Michelle Rupp: Our next Catch Up On Your Checkup is with your vision. I mean we all know how important our eyes are and as we age, I would suspect our eyeballs age as well. Joining me now is Dr. Julie Dolven. Dr. Julie, thank you for joining us today on AFMC TV.

Dr. Julie Dolven: Absolutely.

MR: You’re at James Eye Care out in West Little Rock and you’re an optometrist. So tell us first of all when should we be getting our eyes examined? How early in our lives should we be getting our eyes examined?

JD: Great question. We recommend children get their very first exam between six months and a year. So, at that point, have that big screening to look for any big things that could harm the long-term ability of the eyes to function well. Then we pick up again about age two. Then we recommend every couple of years to have a routine comprehensive health and vision evaluation. Once we get over 40, the risk of some medical conditions actually goes up. If we become diabetic we’re doing exams more frequently. There are some patients that are on medications that can affect the eyes and then we may see them once or twice a year as well.

MR: I like what you said about not just a vision test but also wanting to test for the overall health of our eyes. That’s that is something most of us don’t hear about is the health of our eyes. Talk a little bit about that. 

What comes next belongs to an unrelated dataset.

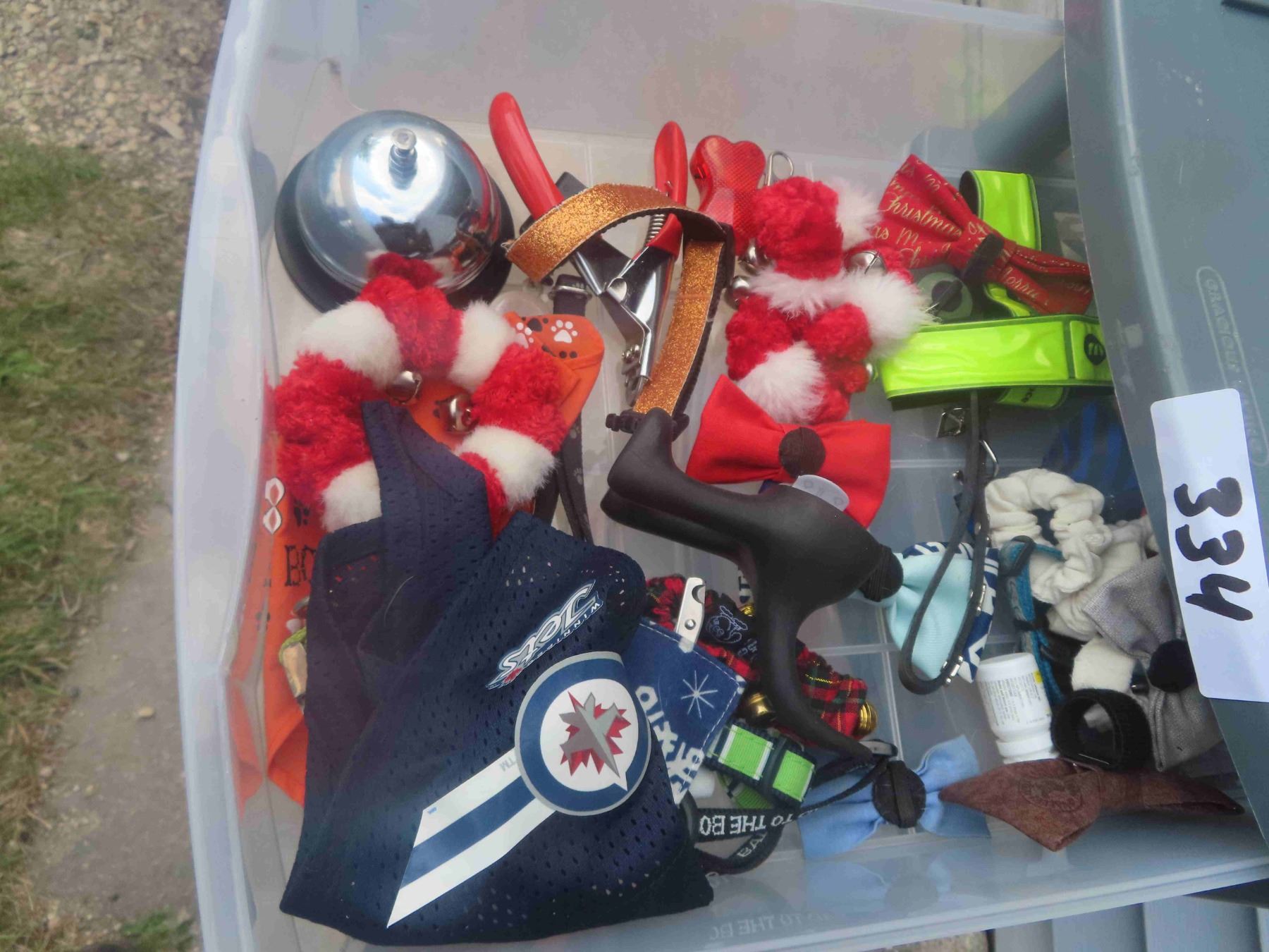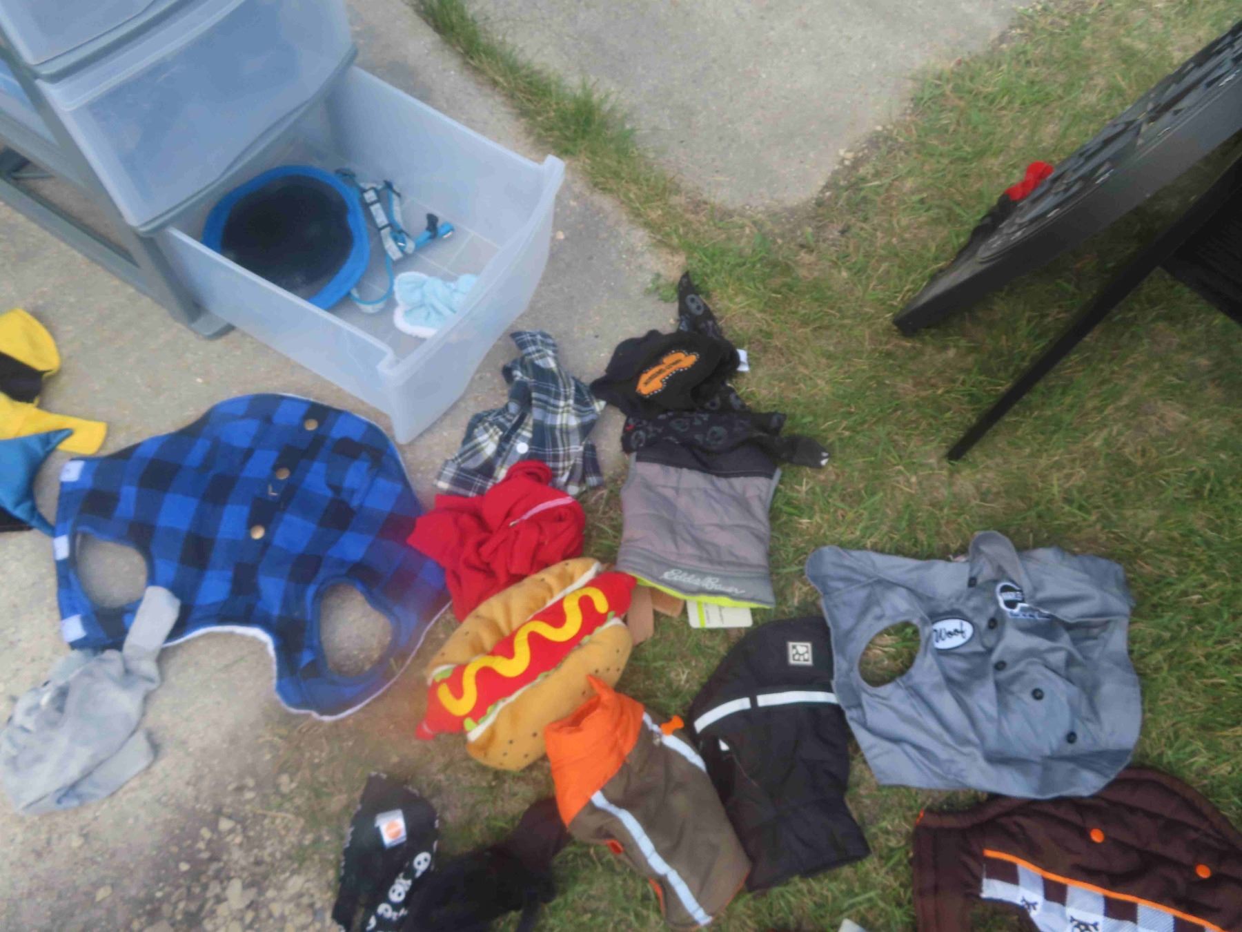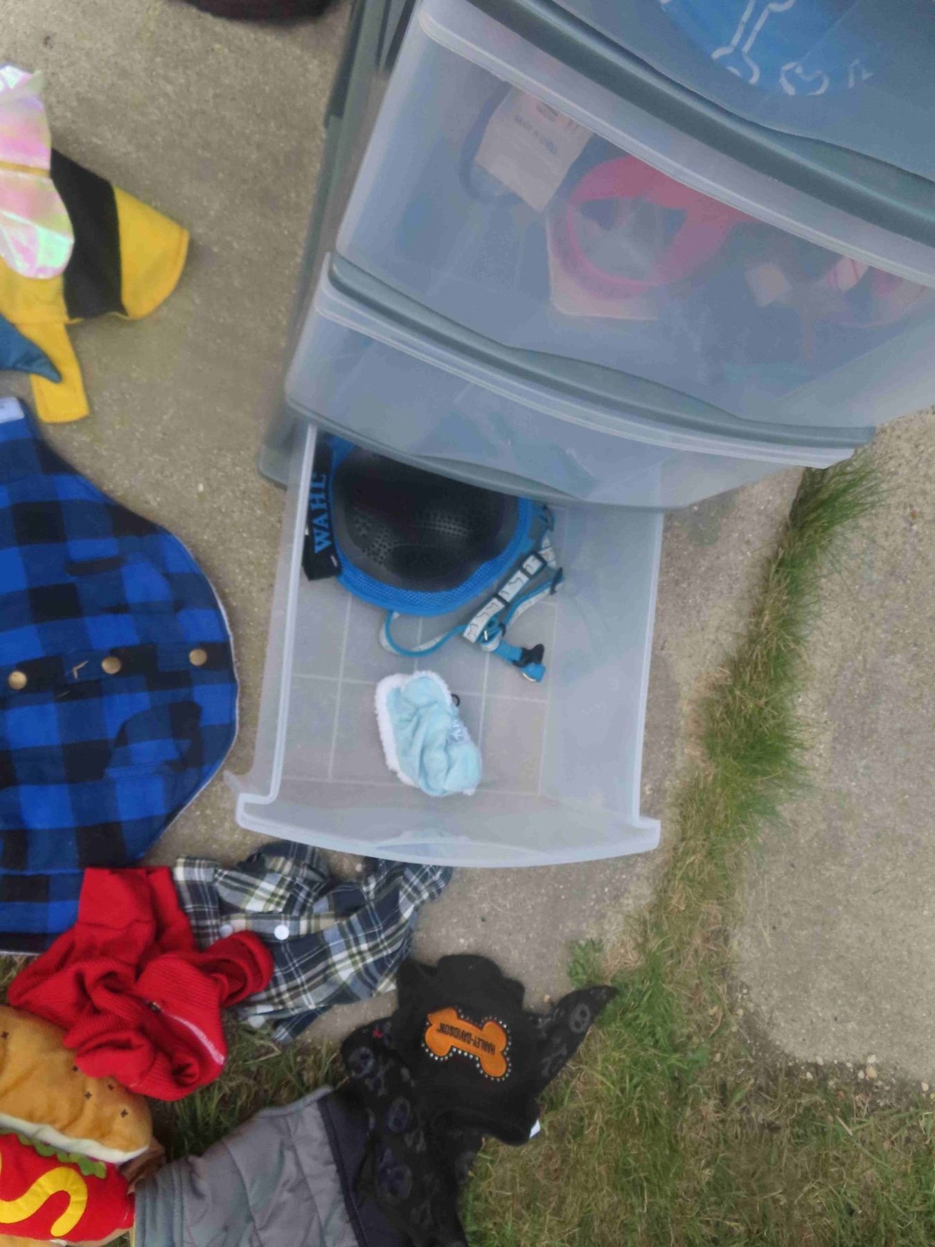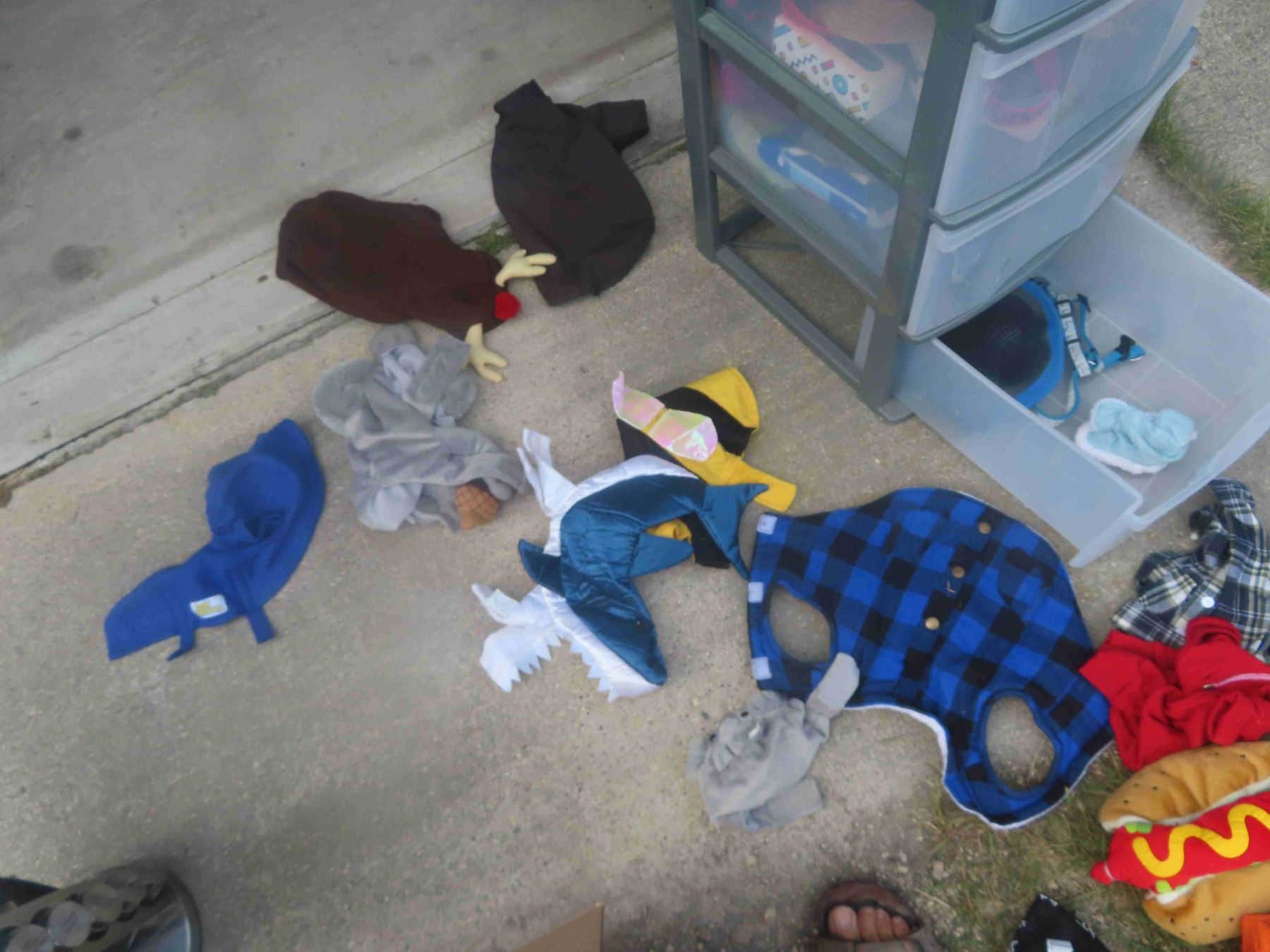 Gracious Living Organizer FULL of Small Dog Costumes, Collars, Hats, Accessories, Boots , Plus - Was for Chinchuaha for Size Reference ( Louis Got The Shark, Shark Not Included )

JD: It’s actually a lot of people that do not wear glasses or contact lenses, they don’t understand or see the value of health evaluation until they start coming to see an optometrist and my diabetic patients, their primary care doctors are requiring annual visits. I have personally, as young as 13 years old diagnosed, diabetes through a comprehensive eye exam. I’ve diagnosed MS several times, and there are just many medical conditions that will manifest in the eye. I almost feel like we’re a gateway to other health professionals. When we look through the pupil we can actually, with our lights, see the back surface of the eye, the retina. That is the only place in the body we can view arteries and veins, those blood vessels, without any invasive techniques. And so, hemorrhages can show up, retinopathy, all kinds of things. Inflammation throughout the eye can be one of the first signs of a rheumatological condition.

MR: They say the eyes are a window to the soul and that’s kind of true.

JD: I would agree with that.

MR: So, we’re in the dead of summer and I don’t go anywhere without my sunglasses. I would hope most people don’t too. I mean, especially here in Arkansas, you just have to have sunglasses. Is there something specific we need to be looking for when we’re picking up some sunglasses? Whether they’re fun and funky coming from Target or whether they’re high-dollar prescription sunglasses? Anything we need to look at for the sunglasses that are not regulated. 

JD: It’s not like the FDA is allowing or disallowing certain tags to be on glasses. And so it’s very important that you’re looking for UVA and UVB protection on those sunglasses. My runners, my tennis players, my bikers, a lot of those I like for them to have a little wrap around the face

because we are protecting from sun UV but we’re also protecting against that wind and so you want to have a large frame. The reasons we would need protection from UVA and B would be cataracts, macular degeneration. The wrap is to make sure that there’s no damage from the wind and then further a really good quality pair of sunglasses is going to have UV protection

front side and backside because the UV rays will actually hit the backside of the glasses and pop right into the eye. So, those are important. The larger size is important simply because cancerous lesions, skin cancer can happen right around here very commonly. Especially my farmers back here and the glasses can help to prevent some of that.

MR: Wow, that’s incredible. My last question in these last 30 seconds. We now are in a world where we’re virtual, we’re on a computer screen. Of course, we’re on our phones. Blue light, blue light glasses. Is that a real thing or is that just a great marketing tool for something that’s not necessarily needed?

JD: Sure, it’s a great question. There again, some of the glasses that you can buy online or over the counter are not regulated. So, we have to take one step back and remember the biggest source of blue light that we’re exposed to every single day is that big ball of sun that’s outdoors. So adequate sun protection, protecting from UVA and B light … essential. In front of the computers? Yes, we are exposed to blue light. However, some of the newer devices and computers went to red diode displays, so we’re actually reducing our blue light exposure that way. The LED lights … blue light. So, we are getting exposed to it a lot. Blue light glasses, there’s about 30 to 35% that we need to be blocking. If we block all blue light, unfortunately, that starts affecting our sleep, our circadian rhythms. So, it has to be at a certain percent and only the blue-violet rays. Those things are definitely put into prescription glasses very adequately and correctly. Now, I do get a lot of patients whether it be placebo or not, I bought these offline and they’re blue light and they help me … perfect. They’re not probably hurting you at all. But getting the ones with adequate protection definitely, I have seen improvement with my patients. But I’m also telling them 202020 every 20 minutes take 20 seconds, look 20 ft away. So, there’s definitely something to it. But I think technology is moving away from blue light exposure, and not forgetting those sunglasses.

MR: Awesome. 202020. That’s the takeaway. Dr. Julie, thank you so much for your time today. We appreciate it.